入定

慶長17年(1612年)3月21日、江戸幕府は幕府直轄領にキリシタン禁教令を発令し、翌年全国に拡大していきました。また承和2年(835年)の同日、真言宗の開祖である空海(弘法大師)が亡くなりました。これを入定(にゅうじょう)と呼んでいます。
入定は、真言宗に伝わる伝説的信仰で、元の意味は「禅定(ぜんじょう)に入る」という意味ですが、弘法大師が永遠の瞑想に入っているという意味になっていて、多くの宗教に見られる奇跡のようなものです。それを信じることが信仰ということです。空海は、生死の境を超え弥勒菩薩出世の時まで、衆生救済を目的として永遠の瞑想に入り、現在も高野山奥之院の弘法大師御廟で入定していると信じられています。そこで、高野山金剛峰寺では、「生身供(しょうじんぐ)」という、入定後から現在まで1200年もの間続けられている儀式があります。奥之院の維那(ゆいな)と呼ばれる仕侍僧が1日2回、御廟の空海に衣服と食事を届けることが行われています。霊廟内の模様は維那以外が窺うことはできず、維那を務めた者も他言しないため部外者には実態は秘密のままです。また、入定したあとも諸国を行脚している説もあり、その証拠として、毎年3月21日に高野山の宝亀院が行う空海の衣裳を改める儀式の際、衣裳に土がついていることがあげられています。信仰に伝説はつきものですが、事実であるかどうかよりも、儀式が続けられる中で真実になっていくことがしばしばあります。唯物論的な視点から批判することは無意味でしょう。これら2つの重要な宗教関係が同日というのは偶然ですが不思議です。

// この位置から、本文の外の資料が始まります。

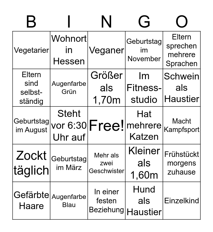 This bingo card has a free space and 24 words: Geburtstag im März, Augenfarbe Blau, Größer als 1,70m, Gefärbte Haare, Eltern sprechen mehrere Sprachen, Vegetarier, Eltern sind selbst-ständig, Wohnort in Hessen, Hat mehrere Katzen, Mehr als zwei Geschwister, Im Fitness-studio, Geburtstag im August, Kleiner als 1,60m, Frühstückt morgens zuhause, Augenfarbe Grün, Hund als Haustier, Macht Kampfsport, Veganer, Schwein als Haustier, Steht vor 6:30 Uhr auf, Einzelkind, Zockt täglich, Geburtstag im November and In einer festen Beziehung.

江戸幕府のキリシタン禁教令は、今日的視点からすると、カトリックもプロテスタントも一括りになっていて、西洋事情にも詳しかったはずの江戸幕府にしては、不思議な感じもします。「キリシタン」はポルトガル語で「キリスト教徒」を指す言葉であり、英語の「クリスチャン」(Christian)に該当します。ポルトガル語ではキリスト教徒全般を指すのですが、日本では戦国時代以後、日本に伝来したキリスト教の信者、伝道者またその働きを指しています。現在の日本では、「キリシタン」という言葉は「キリシタン大名」や「隠れキリシタン」など、日本の歴史用語として使用されており、現代日本のキリスト教徒を指す場合は「クリスチャン」を用いることになっています。江戸幕府はプロテスタントとカトリックの教義は同じもので、教派の違いは重要でないとし、オランダ人もキリシタンであると認識していたようです。キリスト教圏からみれば、仏教を一括りですし、現在でもイスラム教は一括りにしていますから、あながち江戸幕府が無知とはいえません。徳川家光はオランダ人の宗教がポルトガル人の宗教と類似したものであると理解していたようで、オランダ人を長崎の出島に監禁した理由の一つにキリスト教の信仰があったということになっています。キリスト教禁令はローマカトリック教会に限定されていたわけではなく、平戸のオランダ倉庫はキリスト教の年号を使用したことを理由に破壊され、オランダ人墓地も同時期に破却、死体は掘り返され海に投棄されました。